Protecting Our Children

Posted: March 7, 2007 by April Watkins in Child Safety, Current Events, Issues, Small Towns
Tags: , , , , ,

The other day, I turned on the news and saw the face of the animal, John Couey, who is currently on trial for the kidnapping and murder of Jessica Lunsford. This followed recent news reports of the kidnapping and subsequent recovery of Shawn Hornbeck and Ben Ownby in Missouri.  As I watched, my mind recalled the recent reports of local child abuse and molestation in my own small town area.  I took a minute to compose myself and thought…dear God…it could happen to anyone, anywhere.   

Lately, America has been witness to a rash of child abductions.  Luckily, a few have resulted in happy endings with the children being located and returned to their families, such as Elizabeth Smart.  However, for every successful recovery, there are many, many more situations with terribly sad endings. 

I don’t know if there has been a substantial increase in child abductions in our times, or if we are simply more aware of them due to the advancements in mass communication.  Americans now are alerted to abductions from coast to coast thanks to the media, and to progressive programs such as the AMBER Alert.  According to Regina B. Schofield, National AMBER Alert Coordinator, the alert system has helped to recover more than 300 children since its inception in 1996. 

In the aftermath of the tragedies, there are some positive results.  Our country, our states, and even some large cities have taken the initiative to stop child predation.  Along with 41 other states, Tennessee has recently passed legislation referred to as Jessica’s Law, which imposes a mandatory sentence of a minimum of 25 years in prison and lifetime electronic monitoring of the predator. 

Additional laws that have helped carve the foundation for protecting our children include:  Megan’s Law – which established public access to the location and names of sexual predators; and The Adam Walsh Child Protection and Safety Act Of 2006, a federal act which expanded the National Sex Offender Registry, strengthened federal penalties for crimes against children, authorized regional Internet Crimes Against Children Taskforces, and created a National Child Abuse Registry.   

We all think it wouldn’t happen to our children.  So did the family of little Jessica Lunsford, Polly Klaas, Carlie Brucia and others.  But it does happen and you should know the keys to protecting your children.   Below are ten tips for children and parents as outlined on the Oprah show by former FBI Agent Clint Van Zant.  Together we can make a difference for our children, and that is Why It Matters. 

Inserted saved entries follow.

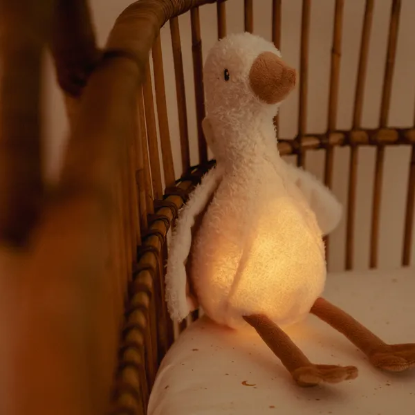 Com design inspirado no simpático Little Goose da coleção Newborn Naturals, este peluche é ideal para colocar no berço, no carrinho ou no quarto do bebé. Inclui carregamento USB para maior conveniência.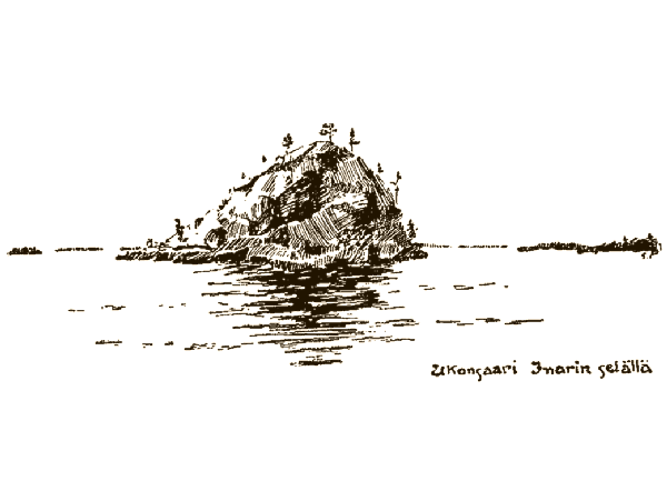 Inari järve Ukonsaari. Samuli Paulaharja joonistus. Haavio 1947: 317 järgi.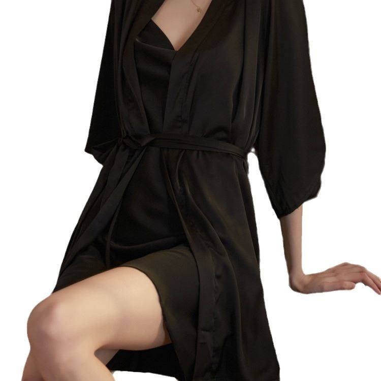 维多利亚性感睡衣女夏季新款吊带睡裙桑蚕丝两件套睡袍家居服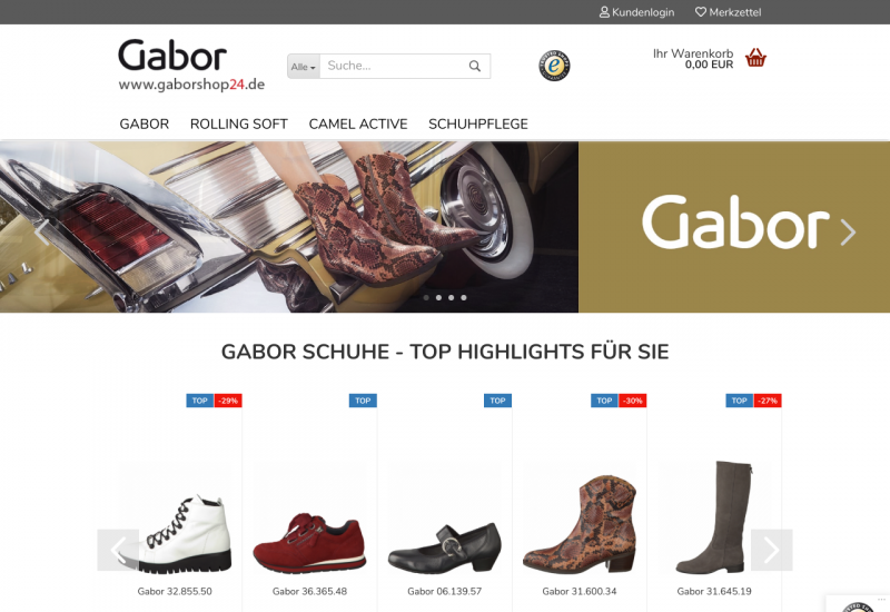 gaborshop24 wird betrieben von der F+V Schuhe Falkenberg OHG. Wir sind ein seit vielen Jahren erfolgreiches mittelständisches Unternehmen aus dem Bereich des Schuh-Fachhandels. Mit unserem Herstellerpartner Gabor haben wir uns ausschließlich auf Schuhe aus der Gabor Produktfamilie spezialisiert. Zu dieser zählen neben Gaborschuhen auch die Marken rollingsoft und camel active, die wir neben passenden Pflegemitteln und Zubehör im gaborshop24 anbieten. Neben unserem gaborshop24 betreiben wir auch vier stationäre Gaborshops in Erfurt, Leipzig, Günthersdorf und Dresden. So schaffen wir die perfekte Verbindung zwischen qualifiziertem Onlinehandel und stationären Fachgeschäften.

[Source: – From the show Exclusive: Miracle in
Missouri—Shawn Hornbeck’s Family’s First Interview

Would your child know how to escape a dangerous situation? Former FBI agent Clint Van Zandt recommends 10 very important strategies any child can use. 


  1. Do not get into any car unless your parents personally tell you to. Also, stay away from anyone who follows you on foot or in a car. You do not need to—and should not—go near a car to talk to the people inside.
  2. Grown-ups and other people who need help should not be asking children for help—they should be asking older people. Adults should not be asking you for directions or to look for a “lost puppy,” or telling you that your mother or father is in trouble and that they will take you to them.
  3. Quickly get away from anyone who tries to take you somewhere. Yell or scream, “This person is not my father (or mother).”
  4. You should use the “buddy system” and never go places alone. Always ask your parents’ permission to leave the yard or play area—especially if you’re going into someone’s home.
  5. Never, never hitchhike! Do not try to get a ride with people unless your parents have told you it is okay to do so.
  6. People should not ask you to keep a special secret. If they do, tell your parents or teacher. Also, tell anyone who wants to take your picture, “No,” and quickly tell your parents or teacher.
  7. No one should touch you on the parts of the body covered by your bathing suit, nor should you touch anyone else in those areas. Your body is special and private.
  8. You can be assertive, and you have the right to say “No” to someone, including adults and even relatives or friends who try to take you somewhere against your will, touch you or who make you feel uncomfortable in any way.
  9. Many parents use a special code word that only the child knows to convey a message, should someone other than a parent ask a child to accompany them anywhere.
  10. Practice a special yell. It is low, loud and long. It tells the person trying to hurt the child, “I know what to do! I’m not an easy victim!” It tells everyone within the sound of the child’s voice, “I need help!” It gets the child going, it breaks the “spell.” A child should not panic and freeze, thereby becoming immobile in an emergency. When you yell, you take a deep breath, thereby getting oxygen and energy to your brain and muscles. Your own yell can give you courage and get your feet moving when you need to run away!